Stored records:
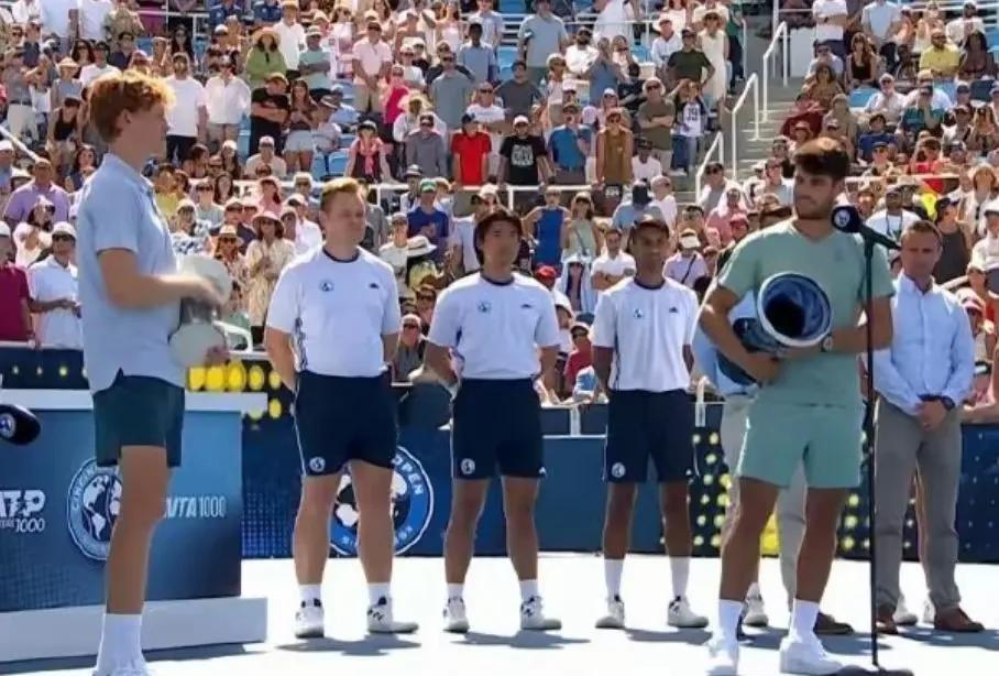 WTA1000辛辛那提站决出男女单打冠军,男单决赛,辛纳对阵阿尔卡拉斯,在开场后
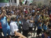 Şam'ın Midan bölgesinde dün yapılan Cuma eyleminde "Allah Hür Suriye Ordusunu Korusun!" sloganları
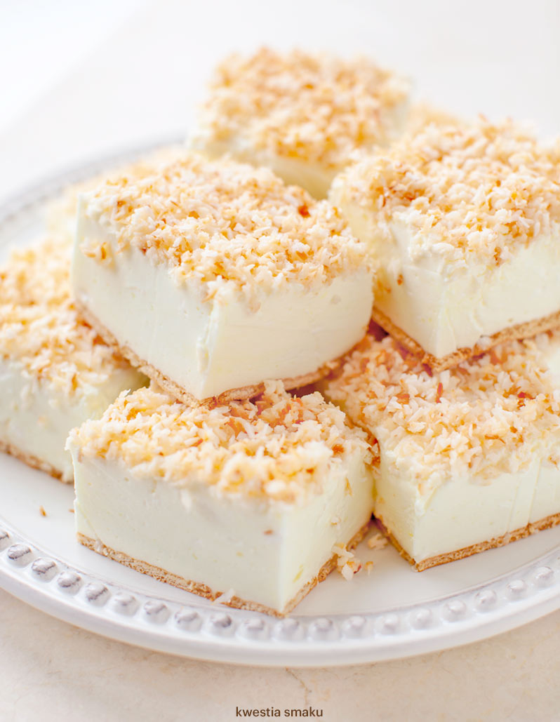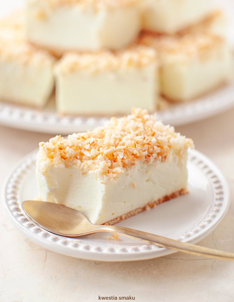 Proste ciasto bez pieczenia (a może bardziej sernik na zimno) o delikatnym cytrynowym smaku, którego bazą jest zmielony twaróg sernikowy. W połączeniu z galaretką cytrynową i śmietanką otrzymujemy kremowy i delikatny krem przypominający ptasie mleczko. Ciasto nie jest zbyt słodkie, bo zarówno galaretka cytrynowa jak i twaróg bardzo dobrze równoważą smak deseru. Ciasto jest na bazie herbatników, na wierzchu zaś ma przepyszną warstwę zrumienionych z cukrem i masłem wiórków kokosowych. Polecam do wypróbowania!
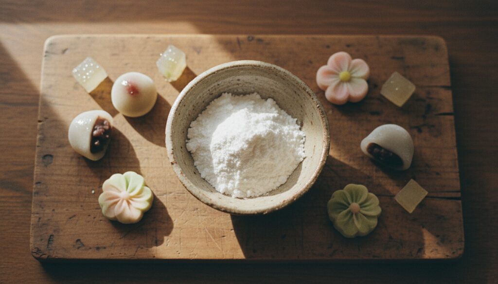 また、最中の皮や練り切りの打ち粉としても使用され、べたつきを防ぎながら滑らかな仕上がりを実現します。
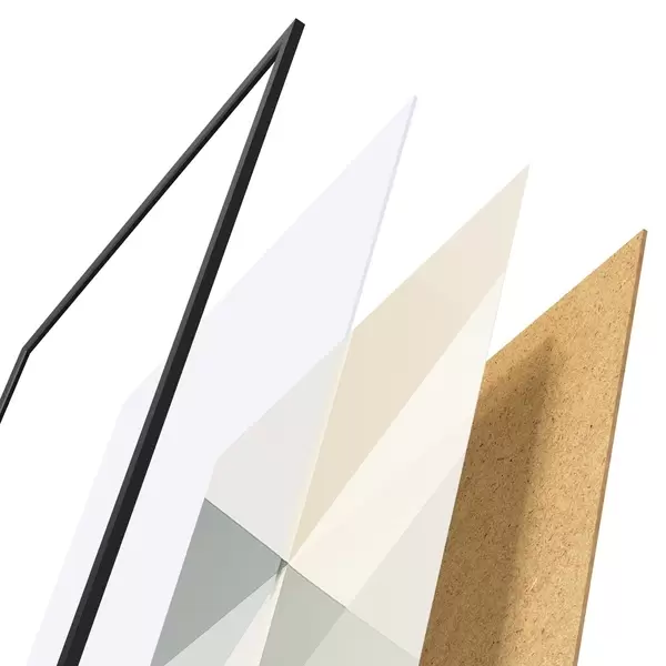 Plakát se skládá z rámu, plexiskla, tištěného obrazu a dřevotřískového podkladu. Díky úchytům na zadní straně lze plakát ihned zavěsit na zeď.
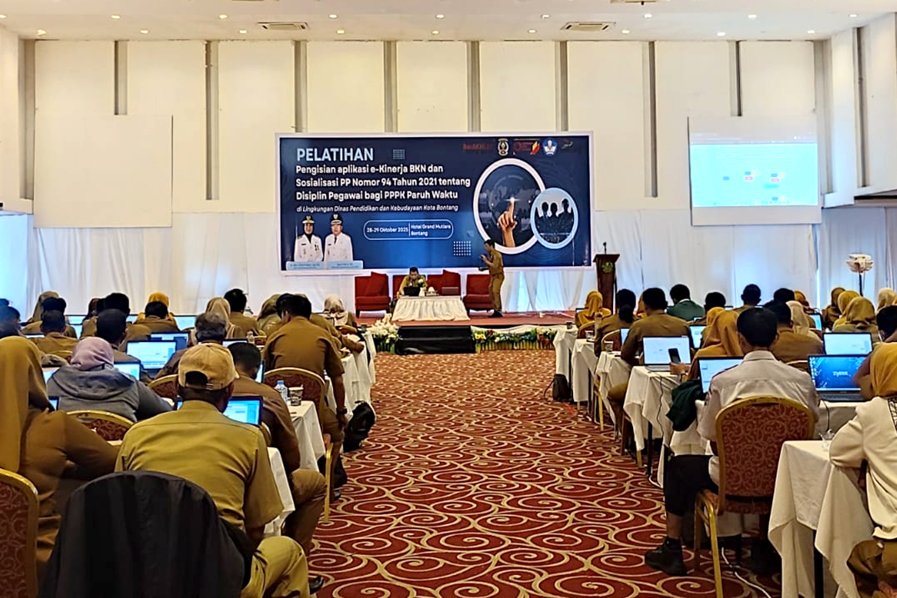 Suasana Pelatihan Pengisian Aplikasi e-Kinerja BKN serta Sosialisasi Peraturan Pemerintah (PP) Nomor 94 Tahun 2021 tentang Disiplin Pegawai bagi Pegawai Pemerintah dengan P3K paruh waktu, Rabu (29/10/2025).BONTANG – Dinas Pendidikan dan Kebudayaan (Disdikbud) Kota Bontang menggelar Pelatihan Pengisian Aplikasi e-Kinerja BKN serta Sosialisasi Peraturan Pemerintah (PP) Nomor 94 Tahun 2021 tentang Disiplin Pegawai bagi Pegawai Pemerintah dengan Perjanjian Kerja (PPPK) paruh waktu, Rabu (29/10/2025).

#### Task directions
Give the lines again exactly, beginning with the first line of the records above and ending with the line that contains "また、最中の皮や練り切りの打", and include no pictures.

#### Result
 WTA1000辛辛那提站决出男女单打冠军,男单决赛,辛纳对阵阿尔卡拉斯,在开场后
 Şam'ın Midan bölgesinde dün yapılan Cuma eyleminde "Allah Hür Suriye Ordusunu Korusun!" sloganları
 Proste ciasto bez pieczenia (a może bardziej sernik na zimno) o delikatnym cytrynowym smaku, którego bazą jest zmielony twaróg sernikowy. W połączeniu z galaretką cytrynową i śmietanką otrzymujemy kremowy i delikatny krem przypominający ptasie mleczko. Ciasto nie jest zbyt słodkie, bo zarówno galaretka cytrynowa jak i twaróg bardzo dobrze równoważą smak deseru. Ciasto jest na bazie herbatników, na wierzchu zaś ma przepyszną warstwę zrumienionych z cukrem i masłem wiórków kokosowych. Polecam do wypróbowania!
 また、最中の皮や練り切りの打ち粉としても使用され、べたつきを防ぎながら滑らかな仕上がりを実現します。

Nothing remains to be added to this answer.